Y si es que podemos aventuramos a decirlo así, cuanto más se hunde la base de la moral convencional, o más bien de la hipocresía que ocupa su puesto, más se eleva el nivel moral de la sociedad. Es sobre todo en estos períodos precisamente cuando los hombres lo critican y niegan, cuando más progresa el sentimiento moral. Es entonces cuando crece, cuando se eleva y perfecciona.

Hace años, la juventud de Rusia se hallaba apasionadamente agitada por esta misma cuestión. ¡Seré inmoral! decía un joven nihilista a su amigo, traduciendo así en acción los pensamientos que no le daban descanso. Seré inmoral. ¿Por qué no habría de serlo? ¿Porque así lo quiere la Biblia? La Biblia no es más que una colección de tradiciones babilónicas y hebreas, tradiciones recogidas y ordenadas como los poemas homéricos, o como se hace aún con poemas vascos y leyendas mongoles. ¿Debo retroceder pues a la condición mental de unos pueblos semicivilizados del Oriente?

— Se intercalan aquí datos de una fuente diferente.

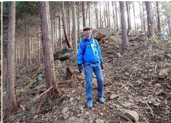
倒木が道を塞ぐ、またいで越える唐変木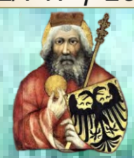
Mistr Theodorik: sv. Karel Veliký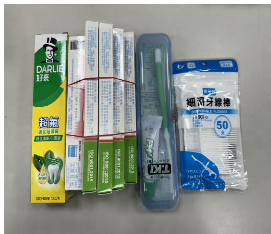
說明：提供口腔用品(高年級)

¿He de ser moral porque Kant me hable de un imperativo categórico, de una orden misteriosa que llega a mí de las profundidades de mi propio ser y me obliga a ser moral? ¿Por qué este imperativo categórico ha de ejercer más autoridad sobre mis acciones que otros imperativos, que a veces pueden ordenarme que me emborrache? Se trata sólo de una palabra, nada más; como las palabras Providencia o Destino, inventadas para ocultar nuestra ignorancia.

¿O quizás deba ser moral porque lo diga Bentham, que quiere convencerme de que seré más feliz si me ahogo para salvar a un transeúnte que se ha caído al río que si me limito a ver cómo se ahoga?

¿O quizás porque ésa ha sido mi educación?

¿Porque mi madre me enseñó moral? ¿Debo entonces ir a una iglesia y arrodillarme, honrar a la reina, inclinarme ante el juez que sé que es un bribón, simplemente porque nuestras madres, nuestras buenas madres ignorantes, nos han enseñado esos absurdos?

Tengo prejuicios, como todo el mundo. ¡Intentaré librarme de mis prejuicios! Aunque la inmoralidad sea detestable, me obligaré a ser inmoral, como de niño me obligué a superar el miedo a la oscuridad, al cementerio, a los fantasmas y a los muertos ... cosas todas ellas que me habían enseñado a temer.

Seré inmoral para destruir ese arma de la que ha abusado la religión, haré, aunque sólo sea para protegerme contra la hipocresía que nos han impuesto en nombre de esa palabra hueca llamada moral.

Así razonaba la juventud de Rusia al romper con los antiguos prejuicios, y desplegar esta bandera de filosofía nihilistas, o más bien anarquista: no doblar la rodilla ante ninguna autoridad sea la que fuere, por muy respetada que sea; no aceptar ningún principio que no esté avalado por la razón.

Hemos de añadir que, después de tirar a la papelera las enseñanzas de sus padres, y de quemar todos los sistemas morales, la juventud nihilista desarrolló en su seno un núcleo de costumbres morales, infinitamente superior a todo lo que habían practicado sus padres bajo el control del Evangelio, de la Conciencia, del Imperativo Categórico o de la Ventaja Reconocida de los utilitarios. Pero antes de contestar a la pregunta ¿Por qué he de ser moral? veamos si la cuestión está bien planteada; analicemos los motivos de la acción humana.